High Bridge was a historic railroad bridge located in Prince Edward County, Virginia. It spanned the Appomattox River valley about six miles downstream from the town of Farmville. This bridge, part of the Southside Railroad between Petersburg and Lynchburg was built through Farmville between Burkeville and Pamplin City and was completed in 1954, one decade before the end of the Civil War.
The bridge was composed of two passageways – the rail portion on the top of the spans and the wagon bridge below the spans. General Lee was pushing his men across this bridge to the northern shore of the Appomattox River overnight on 6 April 1865. By morning, the Federal troops had come within sight of the bridge, and they could see the Confederates at the other end. The following account of the capture of High Bridge is from Days and Events by Thomas L. Livermore, Colonel of the 18th New Hampshire Volunteers: We moved after the enemy at 5:30 a.m. and did not come up with him until we got to High Bridge. We were riding with General Barlow’s division near its head, when our skirmishers opened the ball and we, following them closely soon came out upon the bluff which overlooked the valley of the Appomattox. The valley was half a mile wide. The river, which was unfordable and not over a hundred feet wide, ran close to our bank. The railroad bridge, called High Bridge, rested on twenty or more piers, each 125 feet high, and thus spanned the valley from bluff to bluff. The valley was clear of trees and we saw everything that transpired in it. At our end of the bridge, where we first came in sight of the valley, was a strong earthen fort with a number of guns which the revels had injured as much as possible in a brief time; a hundred yards in front the wooden bridge which crossed the river was afire, and he enemy’s skirmishers essayed to prevent ours from extinguishing the fire.
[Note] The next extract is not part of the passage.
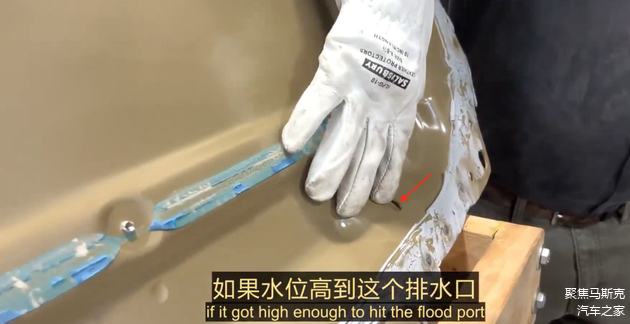 最后一项是对电池底部排水阀的设计。红色箭头标识了电池底板排水口的位置,当水位高于这个口时,第二张图中排水阀内部的圆片会吸水膨胀,将顶部顶开,从而将水排出。这样的设计也为越野工况提供了便利,驾驶者不必担心电池泡水的安全问题。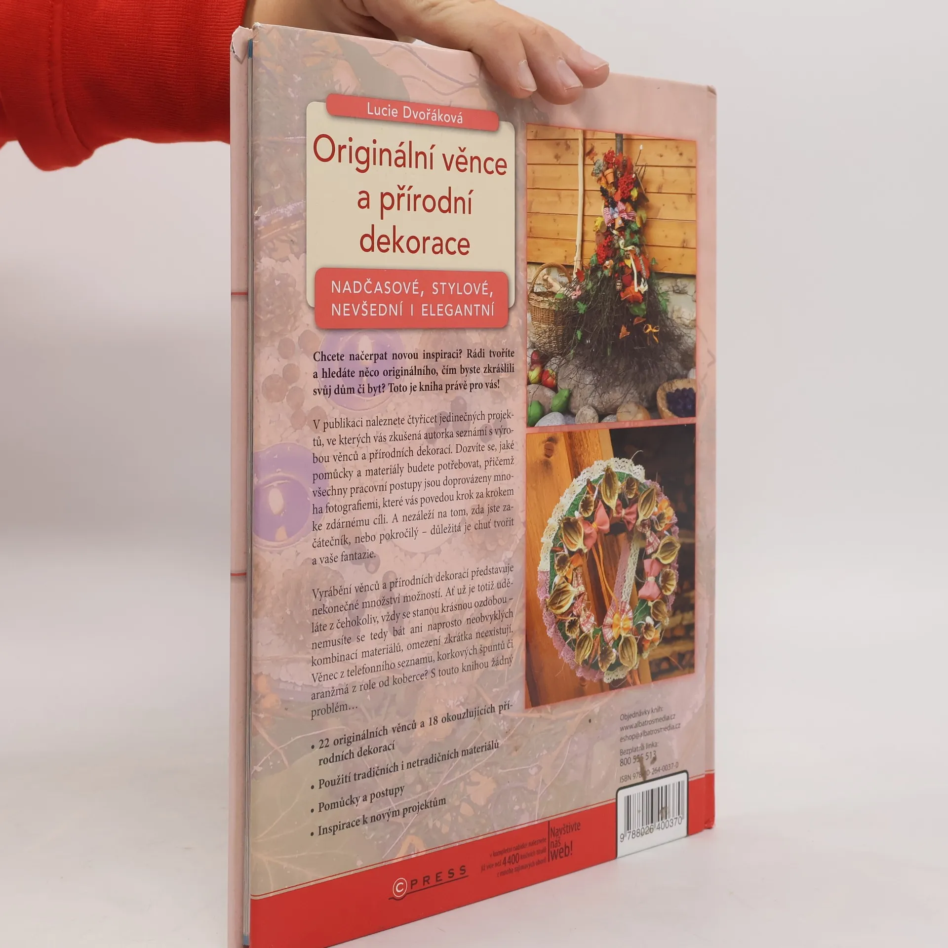Chcete načerpat novou inspiraci? Rádi tvoříte a hledáte něco originálního, čím byste zkrášlili váš dům či byt? Objevte svět přírodních materiálů!V této knize naleznete 40 projektů, ve kterých vás zkušená autorka seznámí s výrobou věnců a přírodních dekorací. Dozvíte se, jaké pomůcky a materiály budete potřebovat, přičemž všechny pracovní postupy jsou doprovázeny mnoha fotografiemi, které vás povedou krok za krokem ke zdárnému cíli.

At the farther side of the valley, the revel column was climbing up on the bluff and disappearing from sight, and the great railroad bridge was burning furiously at their end. A portion of General Barlow’s column hurried down to the small bridge and, forcing a passage, extinguished the flames and saved the bridge, and then our skirmishers deployed on the other side of the river and slowly drove the enemy’s skirmishers across the plain, eveyr man in both lines being in plain sight of us, so that we saw each shot and each man drop and every movement, a grander display than it is possible to produce in any amphitheater of these days.1
Image: High Bridge over the Appomattox River near Farmville, Virginia. Photographed in 1865 by Timothy H. O’Sullivan during repairs following its burning during the war.
- National Park Civil War Series, The Campaign to Appomattox
(Eastern National Park and Monument Association, 1995; reprint 1998), 12 (page citation is to the reprint edition).